● **The task**
This exercise calls for retyping every line below exactly, with the images omitted.

* * * *

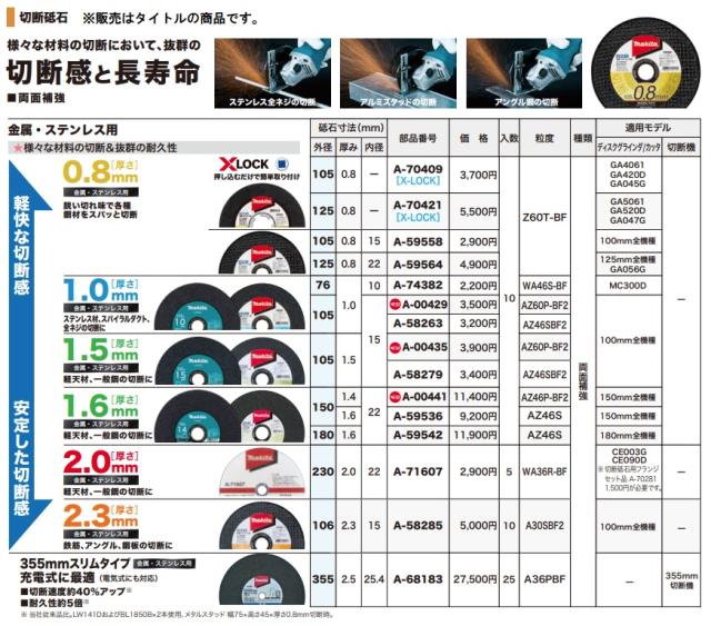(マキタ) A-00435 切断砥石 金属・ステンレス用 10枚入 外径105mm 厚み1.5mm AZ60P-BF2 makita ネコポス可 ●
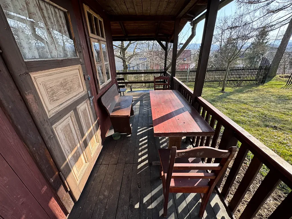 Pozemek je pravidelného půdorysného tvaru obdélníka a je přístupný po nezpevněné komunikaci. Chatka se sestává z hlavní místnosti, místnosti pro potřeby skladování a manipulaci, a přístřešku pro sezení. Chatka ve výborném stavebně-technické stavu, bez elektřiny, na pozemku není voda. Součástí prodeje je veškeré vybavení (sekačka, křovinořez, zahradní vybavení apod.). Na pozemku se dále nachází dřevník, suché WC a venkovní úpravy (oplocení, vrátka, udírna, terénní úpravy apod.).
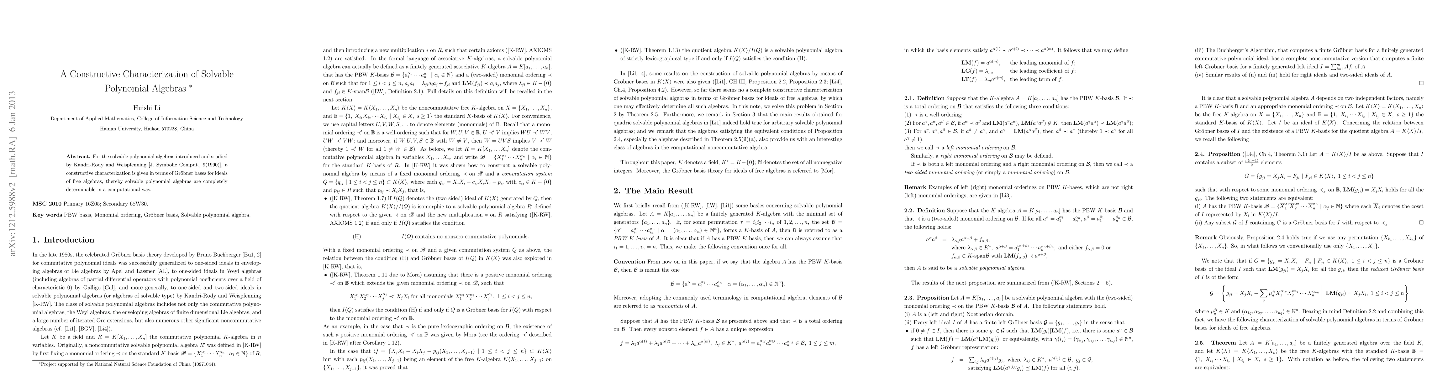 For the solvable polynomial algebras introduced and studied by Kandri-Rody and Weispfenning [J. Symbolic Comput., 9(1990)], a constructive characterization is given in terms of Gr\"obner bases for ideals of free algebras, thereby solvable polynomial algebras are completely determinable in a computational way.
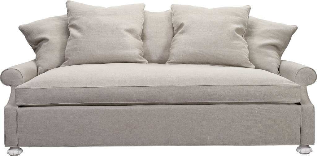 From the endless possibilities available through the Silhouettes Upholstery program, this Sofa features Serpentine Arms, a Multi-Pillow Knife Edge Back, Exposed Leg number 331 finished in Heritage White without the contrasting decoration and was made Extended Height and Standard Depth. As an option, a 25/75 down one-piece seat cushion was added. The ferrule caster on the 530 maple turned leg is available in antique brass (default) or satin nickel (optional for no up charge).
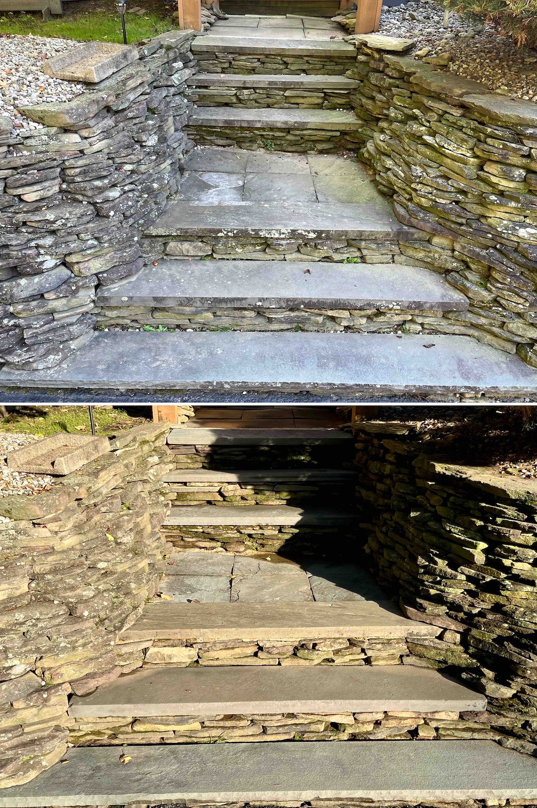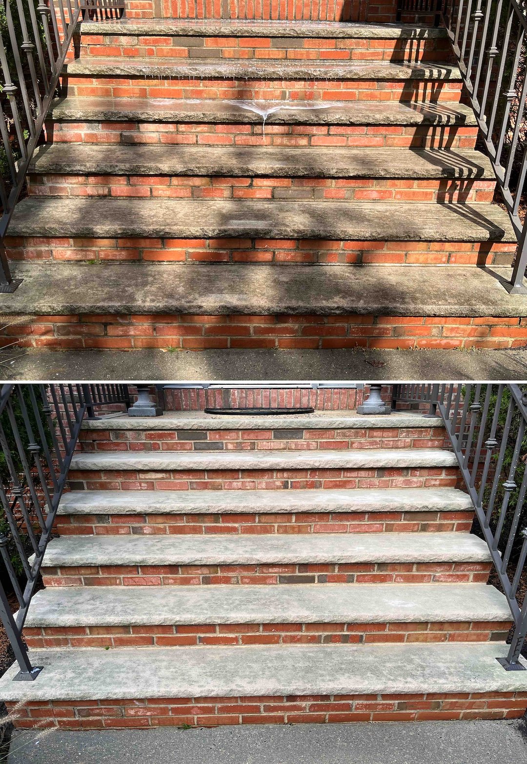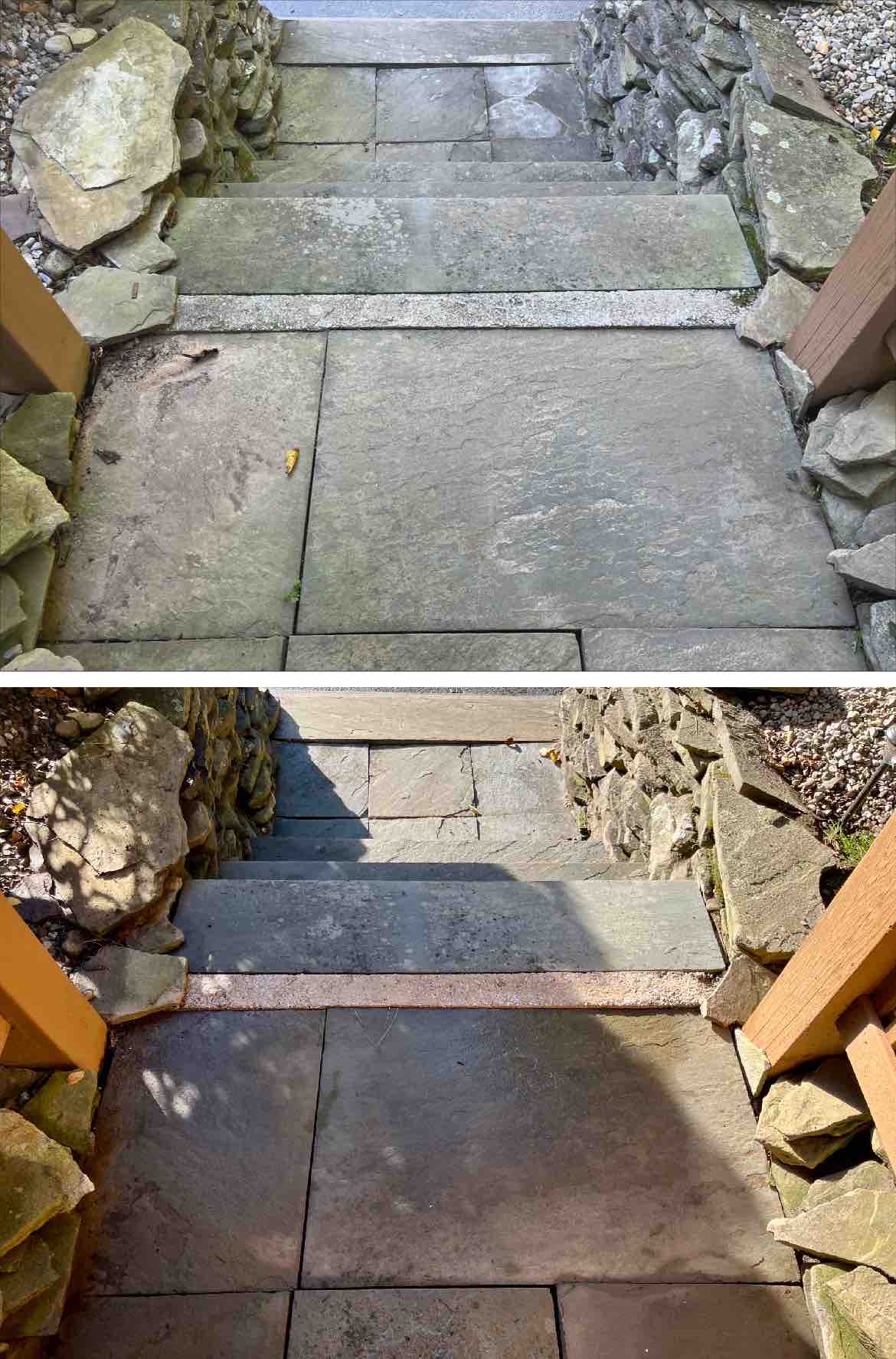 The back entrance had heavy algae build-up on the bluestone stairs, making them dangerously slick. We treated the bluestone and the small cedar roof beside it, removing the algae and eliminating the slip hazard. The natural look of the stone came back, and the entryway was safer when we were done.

* * * *

● **Exercise result**
(マキタ) A-00435 切断砥石 金属・ステンレス用 10枚入 外径105mm 厚み1.5mm AZ60P-BF2 makita ネコポス可 ●
 Pozemek je pravidelného půdorysného tvaru obdélníka a je přístupný po nezpevněné komunikaci. Chatka se sestává z hlavní místnosti, místnosti pro potřeby skladování a manipulaci, a přístřešku pro sezení. Chatka ve výborném stavebně-technické stavu, bez elektřiny, na pozemku není voda. Součástí prodeje je veškeré vybavení (sekačka, křovinořez, zahradní vybavení apod.). Na pozemku se dále nachází dřevník, suché WC a venkovní úpravy (oplocení, vrátka, udírna, terénní úpravy apod.).
 For the solvable polynomial algebras introduced and studied by Kandri-Rody and Weispfenning [J. Symbolic Comput., 9(1990)], a constructive characterization is given in terms of Gr\"obner bases for ideals of free algebras, thereby solvable polynomial algebras are completely determinable in a computational way.
 From the endless possibilities available through the Silhouettes Upholstery program, this Sofa features Serpentine Arms, a Multi-Pillow Knife Edge Back, Exposed Leg number 331 finished in Heritage White without the contrasting decoration and was made Extended Height and Standard Depth. As an option, a 25/75 down one-piece seat cushion was added. The ferrule caster on the 530 maple turned leg is available in antique brass (default) or satin nickel (optional for no up charge).
 The back entrance had heavy algae build-up on the bluestone stairs, making them dangerously slick. We treated the bluestone and the small cedar roof beside it, removing the algae and eliminating the slip hazard. The natural look of the stone came back, and the entryway was safer when we were done.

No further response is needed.